New credit cards with embedded RFID chips can pose a problem with security and identity theft
A team of cyber security researchers have revealed that hackers can mobile technology to use to steal credit and debit numbers from you while you’re in public. The cards at risk are enabled with radio technology that allows you to “wave and pay.”
Its as though while you are ‘waving and paying’ a hacker lurking in vicinity is secretly reading your payment card numbers and storing them. While you are unaware of such a risk, you may receive a 440 volts shock to see unknown payments at the end of the payment cycle in your billing statement.
Radio frequencies are all over the place but the frequency most smart cards (i.e. newer debit and credit cards) are in the range of 13.56 MHz (HF) the range can be detected between 10 centimeters – 1 meter (around 2 feet max).

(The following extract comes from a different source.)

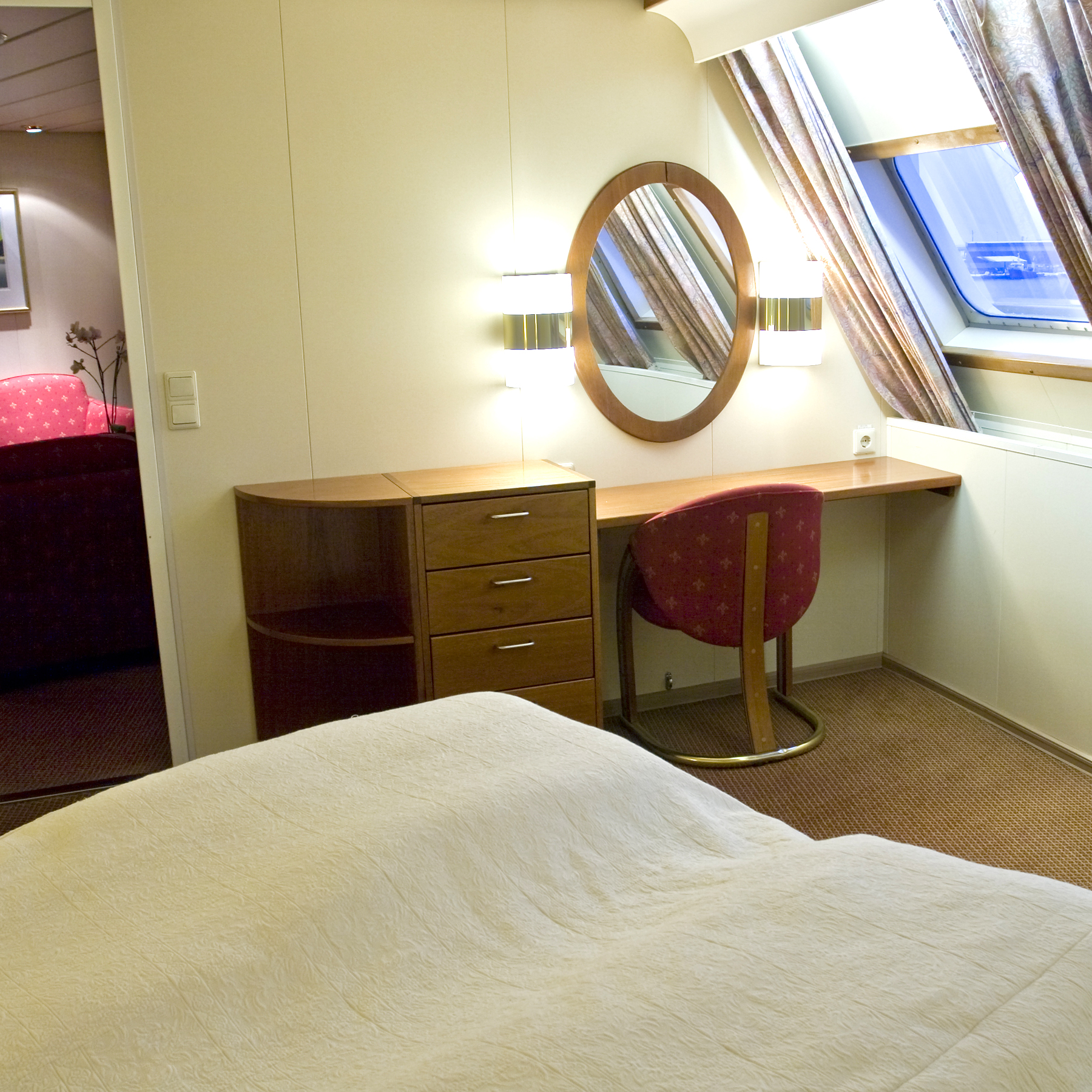 These comfortable suites on the upper dek have double beds, and most have sofa groups as well. The suites also have TV, internet access, minibar, and a great view. The suites are double the size of other cabins.

If you have these newer cards, currently an attacker can only obtain the card number and the expiration date, not the three digit CVV security number which are required for some purchases. However it should be noted that a card number and expiration date could be put onto dummy cards and used at certain point of sale terminals that only require you to pass the card over the terminal for a payment (without the CVV requirement).
More and more of these RFID radio tags are placed into other documents including passports, employee badges which may hold more information and create potentially more problems when cloned especially in the case of employee badges which will allow access to secure buildings and the like.
So far the only known defense against these types of attacks are to create a “Faraday Cage” around the card (usually in the form of aluminum foil, or lining your pocket or wallet with a similar substance).
If you are victimized most cards like MasterCard, Visa, and debit cards have policies that say you’re not liable for any fraudulent transactions and you can be made whole, however this can take several days or weeks sometimes to get money back which has been stolen from your checking or debit card.
If you like the idea of mobile payments for now Apple Pay or Paypal can be viable alternatives since your actual card numbers are not stored on your iPhone or smart device and do not have any RFID.